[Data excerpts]

● ● ● ●

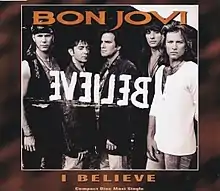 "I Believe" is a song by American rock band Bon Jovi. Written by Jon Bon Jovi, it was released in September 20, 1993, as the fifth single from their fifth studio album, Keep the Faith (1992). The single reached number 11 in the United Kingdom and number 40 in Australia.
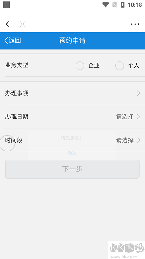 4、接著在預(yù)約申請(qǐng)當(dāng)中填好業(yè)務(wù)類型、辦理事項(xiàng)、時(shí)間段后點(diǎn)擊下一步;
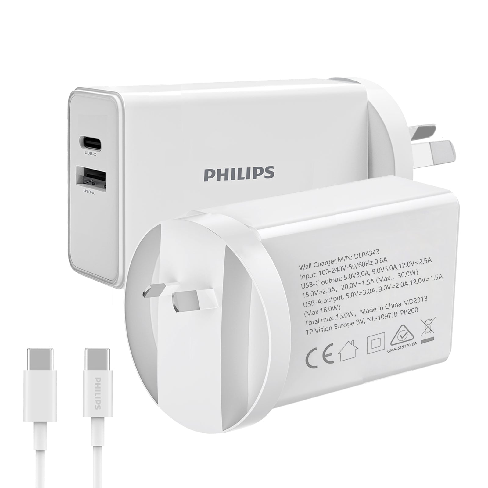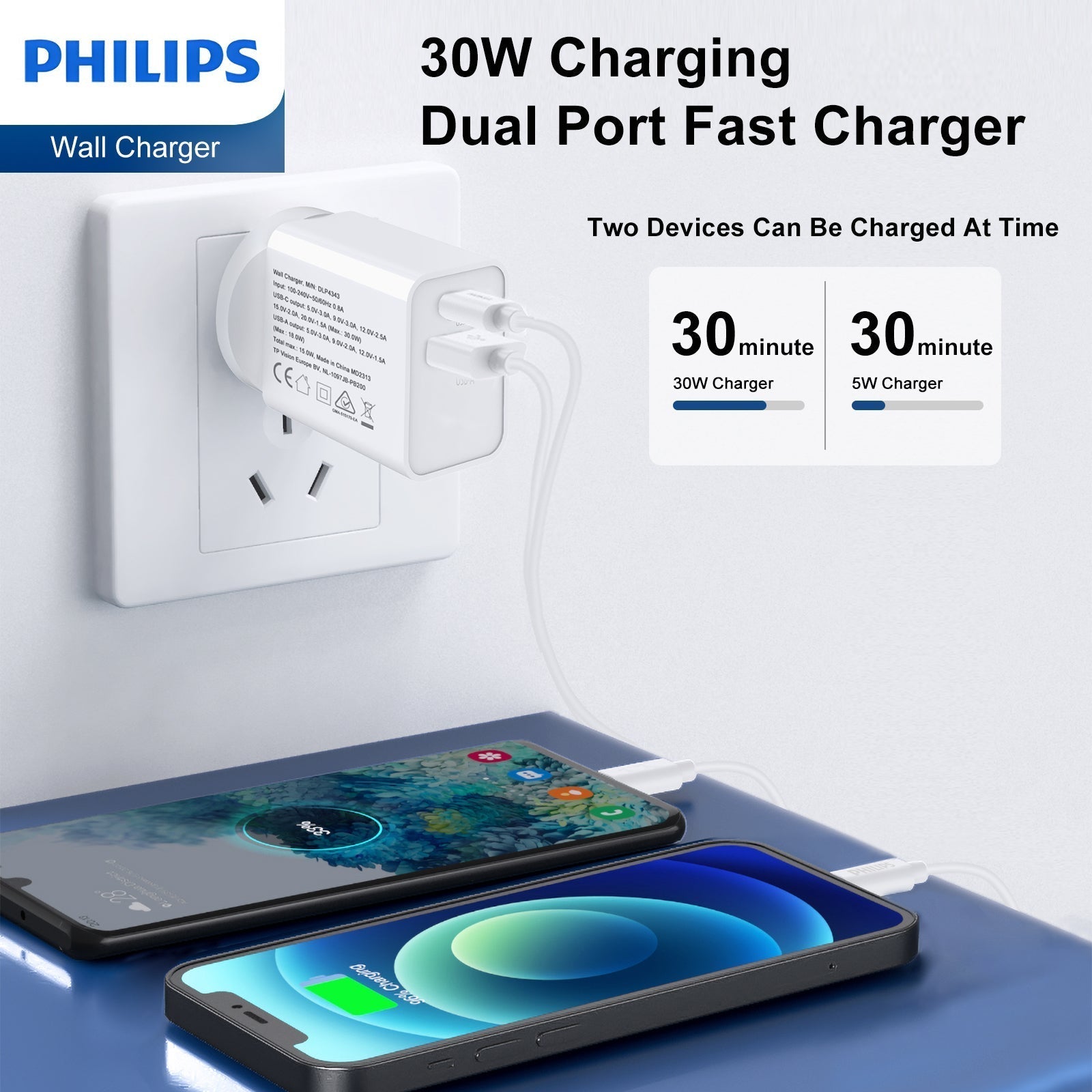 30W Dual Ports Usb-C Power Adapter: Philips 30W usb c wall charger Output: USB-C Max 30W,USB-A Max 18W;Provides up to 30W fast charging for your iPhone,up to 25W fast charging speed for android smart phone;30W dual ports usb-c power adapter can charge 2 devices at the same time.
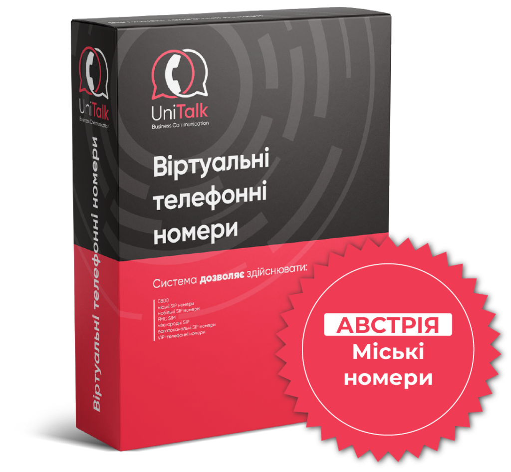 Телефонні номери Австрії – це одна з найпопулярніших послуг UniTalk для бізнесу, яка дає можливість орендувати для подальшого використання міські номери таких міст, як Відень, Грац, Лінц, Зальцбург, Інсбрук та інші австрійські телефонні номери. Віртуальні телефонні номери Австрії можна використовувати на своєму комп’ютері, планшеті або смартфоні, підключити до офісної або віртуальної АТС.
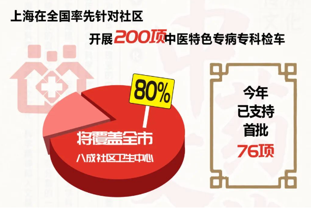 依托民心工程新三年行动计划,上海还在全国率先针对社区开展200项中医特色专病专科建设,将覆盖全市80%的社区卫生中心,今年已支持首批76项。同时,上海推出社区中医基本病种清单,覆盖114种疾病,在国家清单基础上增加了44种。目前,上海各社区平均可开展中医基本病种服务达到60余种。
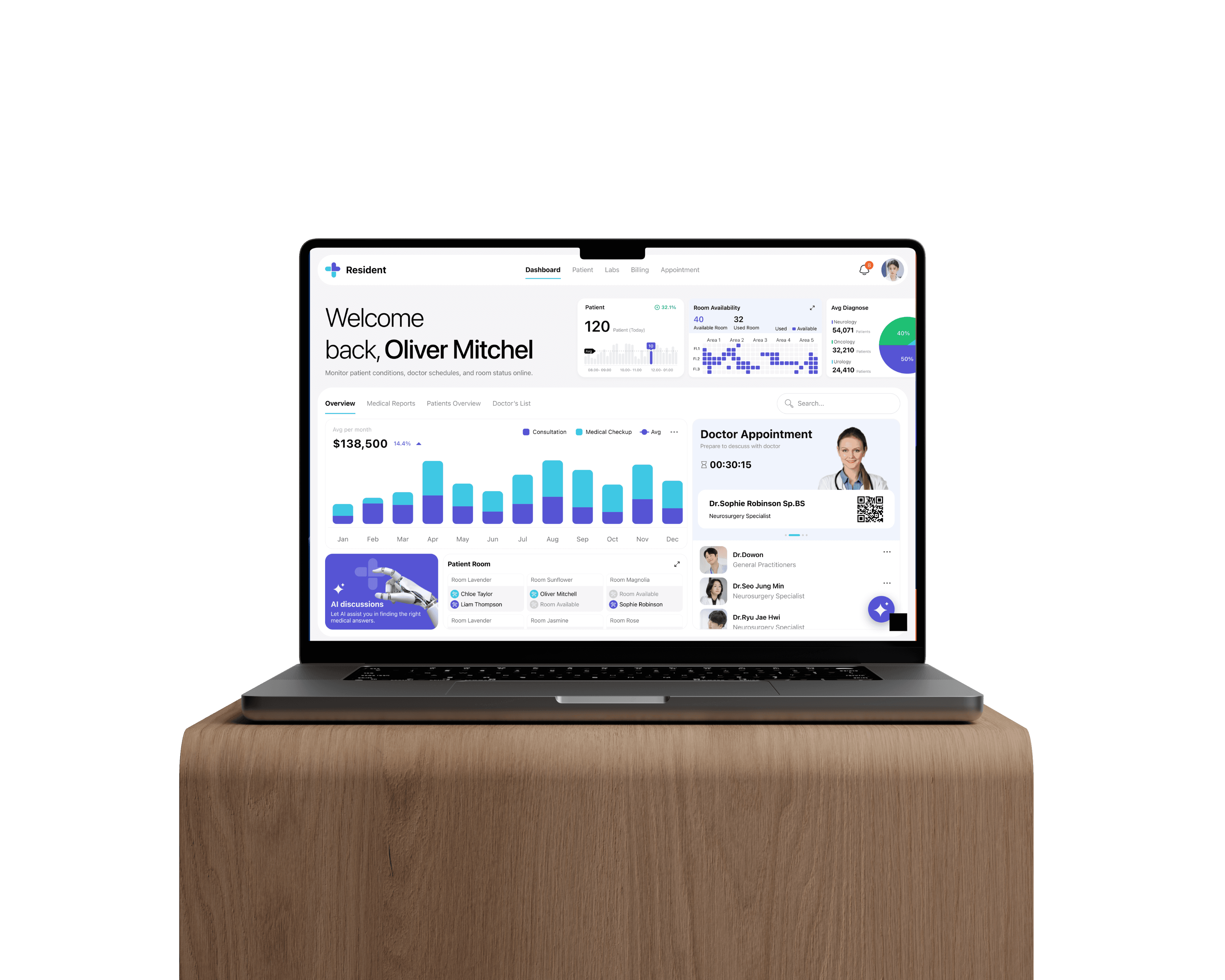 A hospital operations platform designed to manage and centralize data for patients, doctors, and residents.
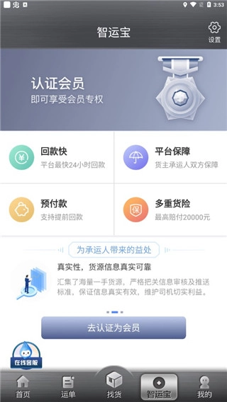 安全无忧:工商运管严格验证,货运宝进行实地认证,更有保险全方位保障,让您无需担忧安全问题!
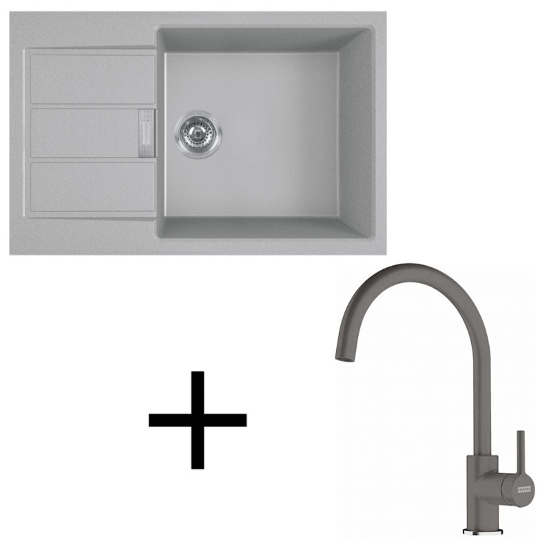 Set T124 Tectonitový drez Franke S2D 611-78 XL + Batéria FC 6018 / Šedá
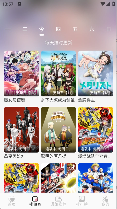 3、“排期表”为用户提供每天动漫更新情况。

● ● ● ●

▶ **Aim of the task**: Say again, exactly, only those lines of the records that run from the start through the line with "30W Dual Ports Usb-C Power Adapter: Philips". Pictures are to be skipped.

▶ **Result of this exercise**:
 "I Believe" is a song by American rock band Bon Jovi. Written by Jon Bon Jovi, it was released in September 20, 1993, as the fifth single from their fifth studio album, Keep the Faith (1992). The single reached number 11 in the United Kingdom and number 40 in Australia.
 4、接著在預(yù)約申請(qǐng)當(dāng)中填好業(yè)務(wù)類型、辦理事項(xiàng)、時(shí)間段后點(diǎn)擊下一步;
 30W Dual Ports Usb-C Power Adapter: Philips 30W usb c wall charger Output: USB-C Max 30W,USB-A Max 18W;Provides up to 30W fast charging for your iPhone,up to 25W fast charging speed for android smart phone;30W dual ports usb-c power adapter can charge 2 devices at the same time.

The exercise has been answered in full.